*** Block opens ***

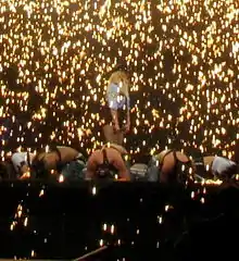 While performing on Good Morning America on December 2, 2008, Spears announced her fifth worldwide concert tour, titled The Circus Starring Britney Spears. She first revealed the first leg of twenty-five dates in the United States and two in the United Kingdom. Her longtime manager Larry Rudolph stated that the tour would "blow people's minds and promises to show Britney's fans something they will never forget",[54] later adding, "she goes full-speed the whole show — about an hour and a half. It's pretty intense. This is a full-blown, full-out Britney Spears show, It is everything everybody expects from her — and more!"[55] Spears also expressed excitement in including songs from Blackout into the setlist, as she didn't tour to promote it.[7] The tour began on March 3, 2009 in New Orleans' New Orleans Arena and finished on November 29, 2009 in Adelaide's Adelaide Entertainment Centre. There were four legs of the tour, visiting North America twice, and others being Europe and Australia.[56] The stage was composed of three rings and set in-the-round to resemble an actual circus. Fashion designers Dean and Dan Caten created the costumes. A giant cylinder screen was set above the stage to showcase videos and backdrops. Effects were provided by Solotech. The setlist was composed generally from her albums In the Zone, Blackout and Circus. In June 2009, Spears announced she would tour Australia for the first time; she was also rumored to tour South America, though her manager Adam Leber denied this despite their efforts to do so.[57]
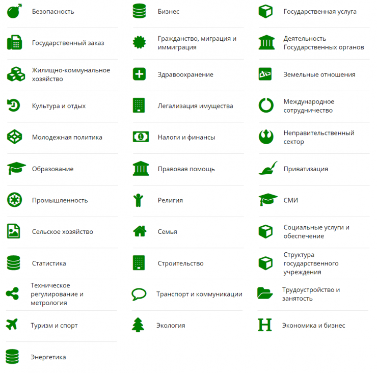 Кроме того, пользователей eGov смутило, что несколько разделов, не связанных между собой, имеют одинаковые иконки, к примеру разделы "Бизнес", "Статистика", "Энергетика".
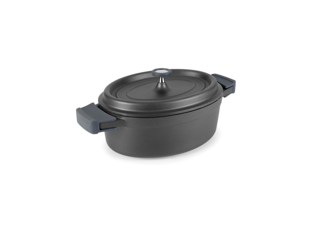 Oválný hrnec s rozměry 26 x 20 cm je kompaktní, ale mimořádně efektivní pomocník pro kuchyně, které potřebují připravovat jednotlivé porce nebo malé dávky pokrmů plné chutí. Je ideální pro servírování dušeného masa, malých ryb, zeleninových směsí nebo šťavnatých omáček. Je vyroben z roztaveného hliníku, díky čemuž vyniká rovnoměrnou distribucí tepla – bez přepalování, bez ztráty tekutin. Hrnec tak zajišťuje, že potraviny zůstanou šťavnaté, s plným zachováním chutí, vitamínů i vůní. Vnitřní konstrukce poklice je navržená tak, aby kondenzační voda uvnitř nádoby kapala zpět na pokrm a neudržovala se na víku. Vaření s poklicí přispívá k pozvolnému zvlhčování pokrmů bez nutnosti dolévání vody či vývaru.
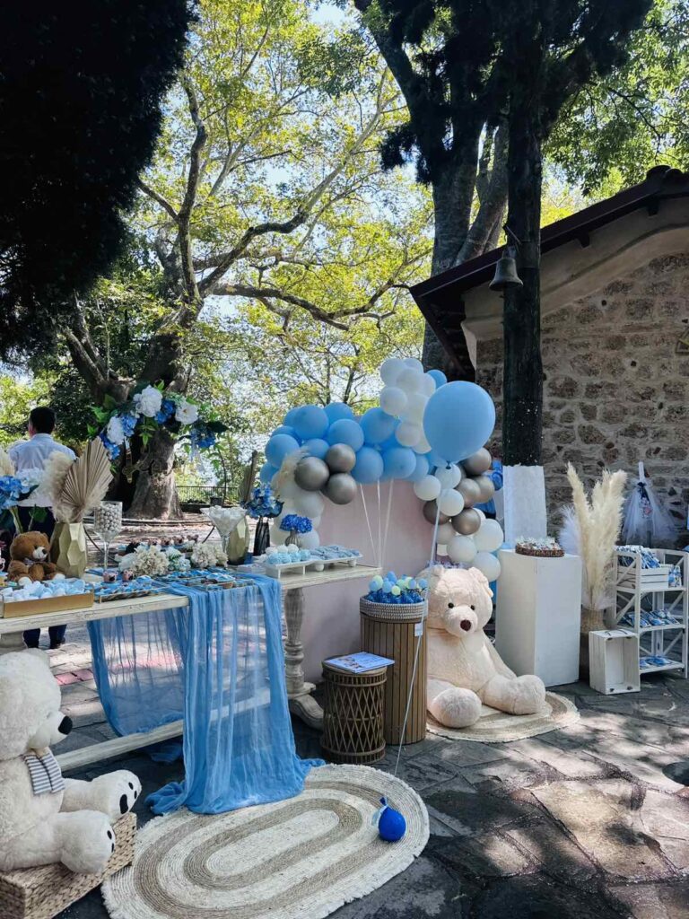 Ο στολισμός κινήθηκε σε γαλάζια αισθητική με λευκά και γαλάζια άνθη, χειροποίητες μπομπονιέρες και υφάσματα σε φυσικές υφές, δημιουργώντας μία αίσθηση αυθεντικής φιλοξενίας.
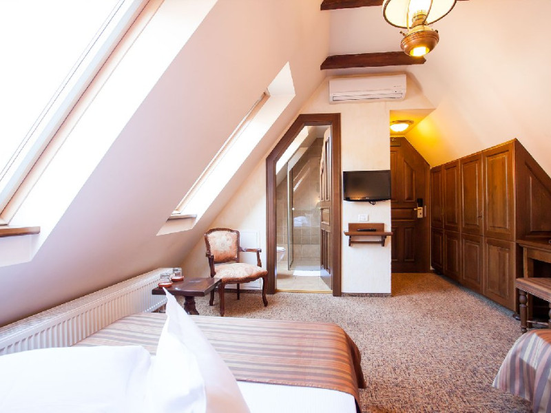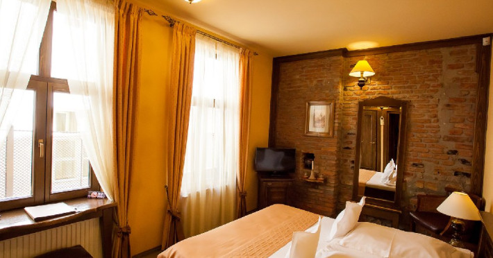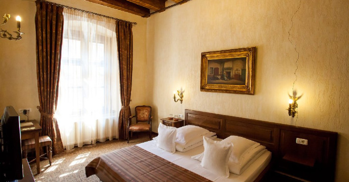 INFORMATII GENERALE Hotel Bella Muzica este amplasat intr-o cladire veche de 400 de ani, cu arhitectura de inspiratie neoclasica, complet renovata si amenajata pentru noua sa destinatie, totodata pastrand elementele arhitecturale care i-au asigurat farmecul de-a lungul secolelor. Asezat in centrul istoric al orasului Brasov chiar in Piata Sfatului, hotelul Bella Muzica va asteapta sa petreceti un sejur deosebit intr-o ambianta incarcata de istorie.
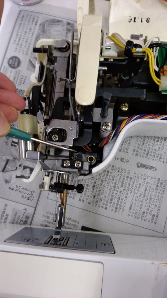 ミシンの内部の部品は、ある程度年数が経つと劣化していきます。ゴム、プラスチック、バネなどさまざまの所に使われていますので、いつまでも調子よく使うためには、年に一度はミシンのお医者さんで見てもらう事で防げますよ。
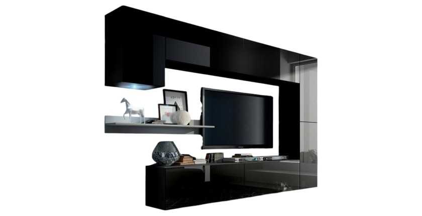 - CARACTÉRISTIQUES : Ensemble de 8 meubles pour composition murale TV, collection CEPTO, 6 étagères dont une murale, 7 portes, leds.
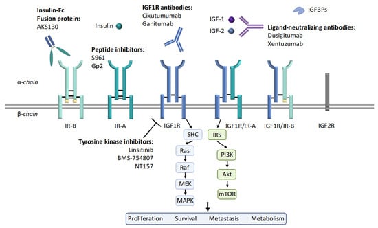 - Yee, D. A tale of two receptors: Insulin and insulin-like growth factor signaling in cancer. Clin. Cancer Res. 2015, 21, 667–669. [Google Scholar] [CrossRef][Green Version]
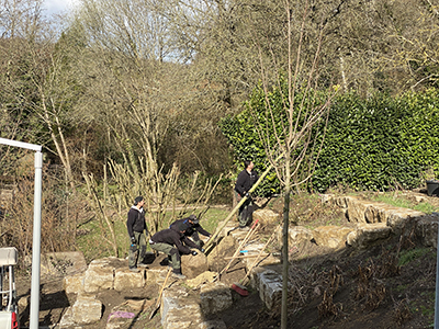Ein neuer Ahorn wird am Hang unterhalb des Pferdestalls gepflanzt. |
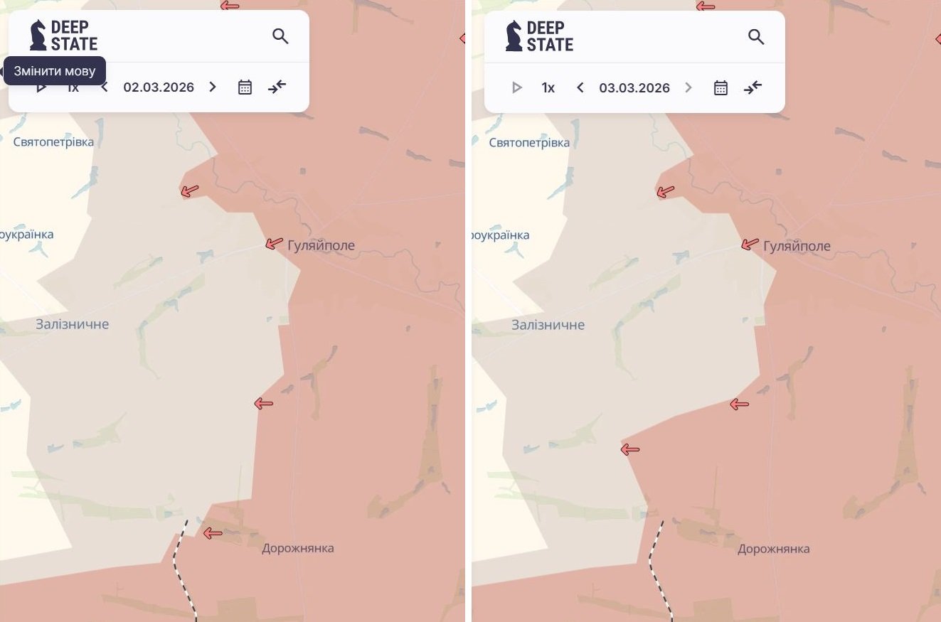 Захватчики продвинулись в районе села Дорожнянка на Гуляйпольщине. Об этом сообщил OSINT-проект DeepState 4 марта.
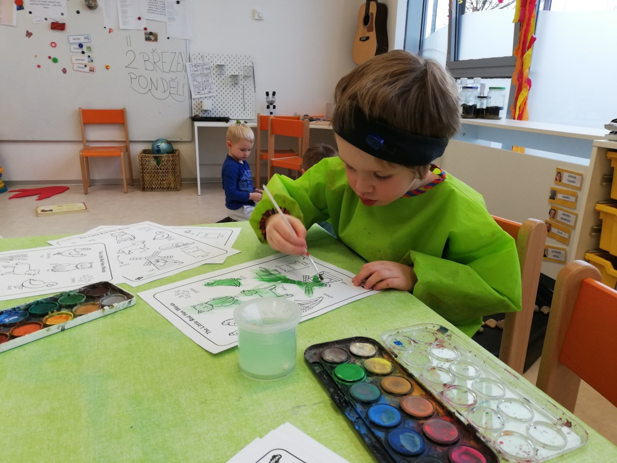 We repeated our „Little red hen“ story and learned the names of animals in czech and german.
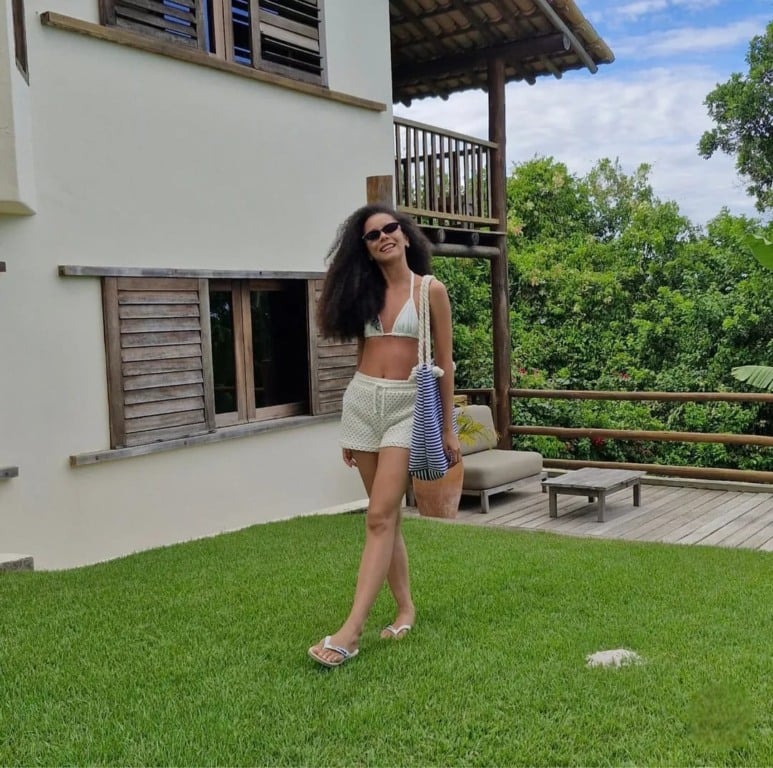 ☀️🌊Mércia Lopes aproveita dias de férias pela Bahia. Sol no rosto, água fresca em Trancoso e muito pé na areia. Entre praias lindas e comida boa, o descanso é completo. 🏖️🍹
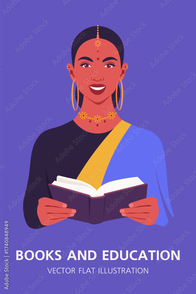 A happy Indian woman is holding an open book in her hands. Concept of education, learning and knowledge. Libraries and bookstores. Vector flat illustration #1740848949
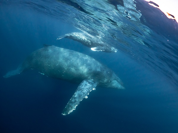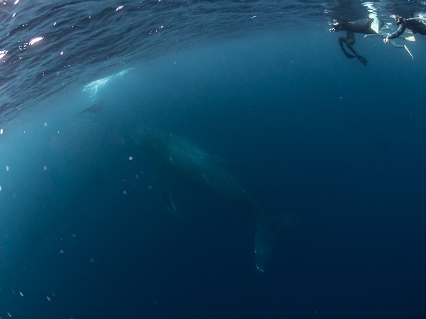 クジラの観察は水面からのみとし、素潜りは禁止とします。クジラによっては、人が近くを泳ぐことを嫌い、逃げてしまう場合があります。そのため、原則として緊急時やガイドの指示がある場合を除き、クジラの近くでフィンキックなどをして泳ぐことも禁止します。クジラは一度でもそのような行動を取る人間を嫌がってしまうと、その後スイムで近づくことができなくなる場合が多いため、必ずこれらの事項をお守りください。
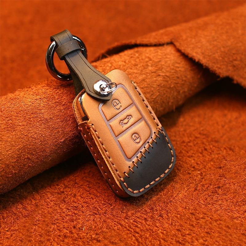 For Volkswagen Car Cowhide Leather Key Protective Cover Key Case, A Version(Brown)
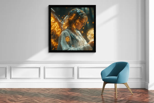 „Der Lichtwächter“ – Cyberpunk-Engel in goldener Pracht
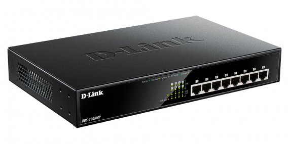 D-Link DGS-1008MP/B Неуправляемый PoE-коммутатор, 8x1000Base-T
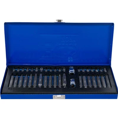 made of chrome vanadium steel in metal case 14 internal hexagon bits, short and long type 4 - 5 - 6 - 7 - 8 - 10 - 12 mm 14 T-Star bits (for Torx), short and long type T20 - T25 - T30 - T40 - T45 - T50 - T55 10 spline bits (for XZN), short and long type M5 - M6 - M8 - M10 - M12 10 mm bit adaptor with 10 mm (3/8") drive 10 mm bit adaptor with 12.5 mm (1/2") drive, Weight: 4.0124131684 pounds, Manufacturer: BGS
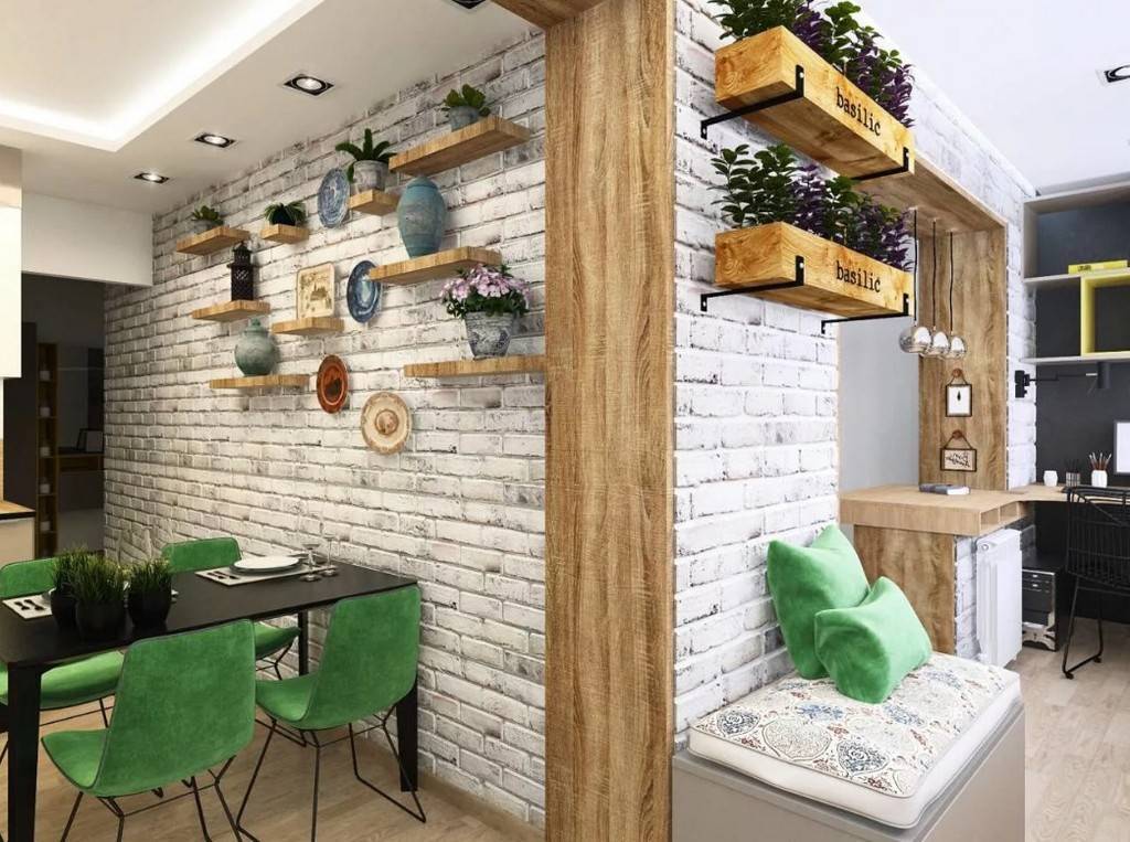 Обои выделяют обеденную зону с помощью насыщенного цвета и текстуры. Осветительные приборы также способствуют разделению пространства.
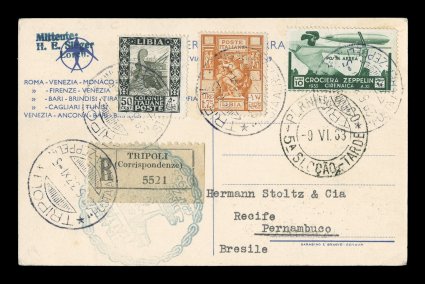 335 c Sieger #212K imageSieger #212K, 1933 Italian Flight, registered multicolor air card with 10L Green Zeppelin single along with two other adhesives of Lybia tied by scarcer violet "Tripoli/Posta Aerea-Zeppelin/29. 5. 33" c.d.s., flown on the flight around Rome and then on the Second South America Flight to Brazil, with signature of Dr. Hugo Eckener, violet Italian flight cachet, backstamped with the Rome machine cancel and Pernambuco c.d.s., very fine (Sieger €600; Michel #304Ef). (Image) Est. 200-300
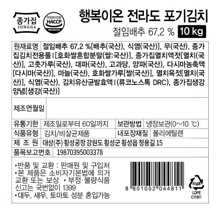 종가집 행복이온 전라도 포기김치 10kg
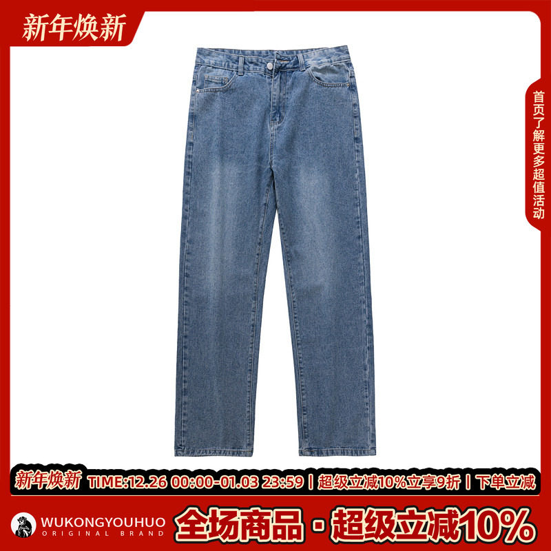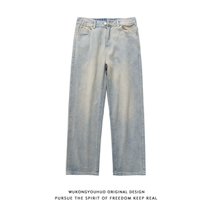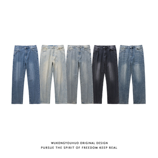悟空有货潮牌复古做旧水洗直筒牛仔裤 男街头宽松百搭阔腿休闲长裤
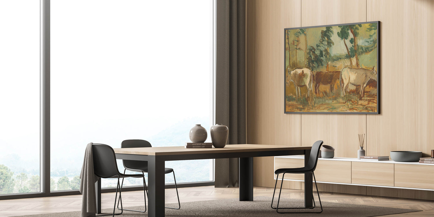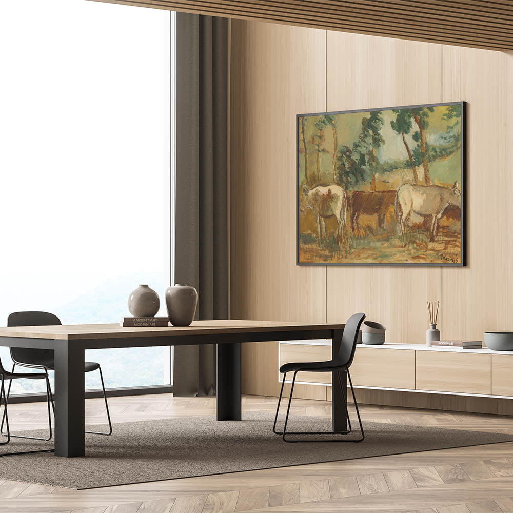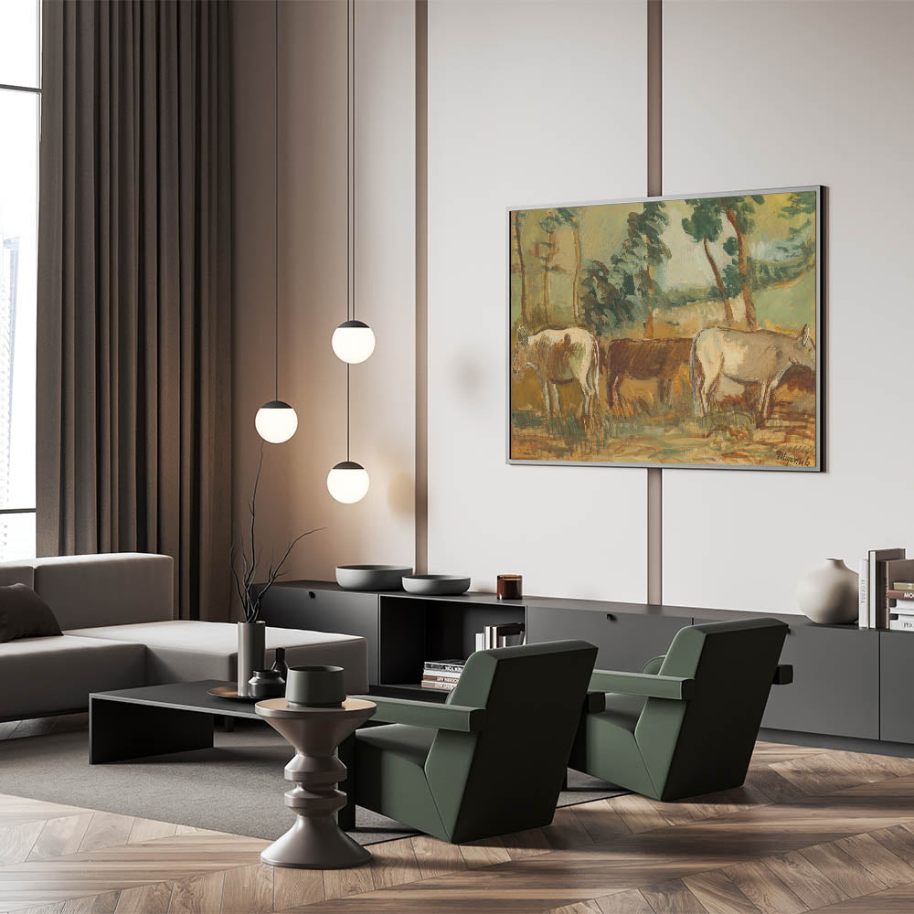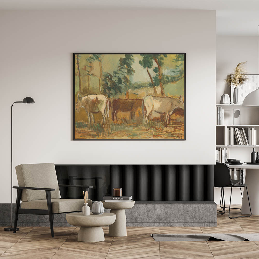 Bring the charm of the countryside into your home with this beautiful piece of Modern Wall Art, inspired by Cyprián Majerník's "Cows." This artwork captures a peaceful scene of cows grazing in a sun-dappled field, with warm earthy tones that evoke the simplicity and beauty of rural life. Ideal for rustic or farmhouse-style decor, this piece brings a natural and calming presence to any room.
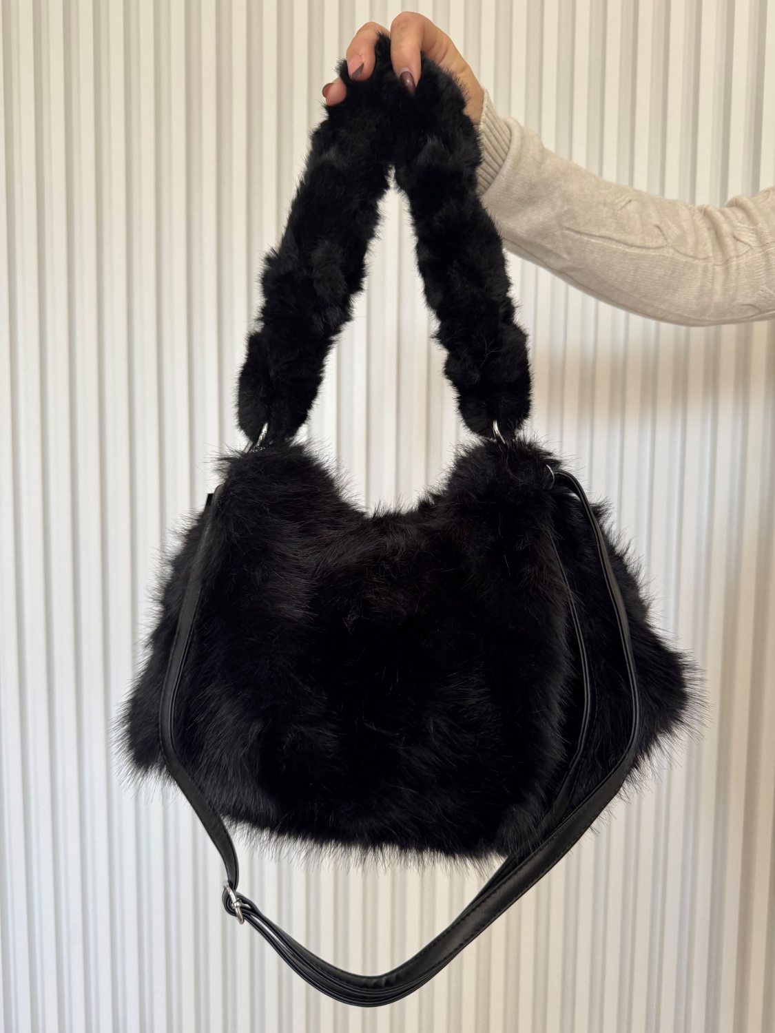 Elegantní dámská kožešinová kabelka v černé barvě.

*** Block closes ***

▸ Work request
Leave the pictures out, and transcribe exactly the lines above starting at the one that contains "For Volkswagen Car" and ending at the one that contains "Обои выделяют обеденную".

▸ Exercise result
 For Volkswagen Car Cowhide Leather Key Protective Cover Key Case, A Version(Brown)
 „Der Lichtwächter“ – Cyberpunk-Engel in goldener Pracht
 D-Link DGS-1008MP/B Неуправляемый PoE-коммутатор, 8x1000Base-T
 made of chrome vanadium steel in metal case 14 internal hexagon bits, short and long type 4 - 5 - 6 - 7 - 8 - 10 - 12 mm 14 T-Star bits (for Torx), short and long type T20 - T25 - T30 - T40 - T45 - T50 - T55 10 spline bits (for XZN), short and long type M5 - M6 - M8 - M10 - M12 10 mm bit adaptor with 10 mm (3/8") drive 10 mm bit adaptor with 12.5 mm (1/2") drive, Weight: 4.0124131684 pounds, Manufacturer: BGS
 Обои выделяют обеденную зону с помощью насыщенного цвета и текстуры. Осветительные приборы также способствуют разделению пространства.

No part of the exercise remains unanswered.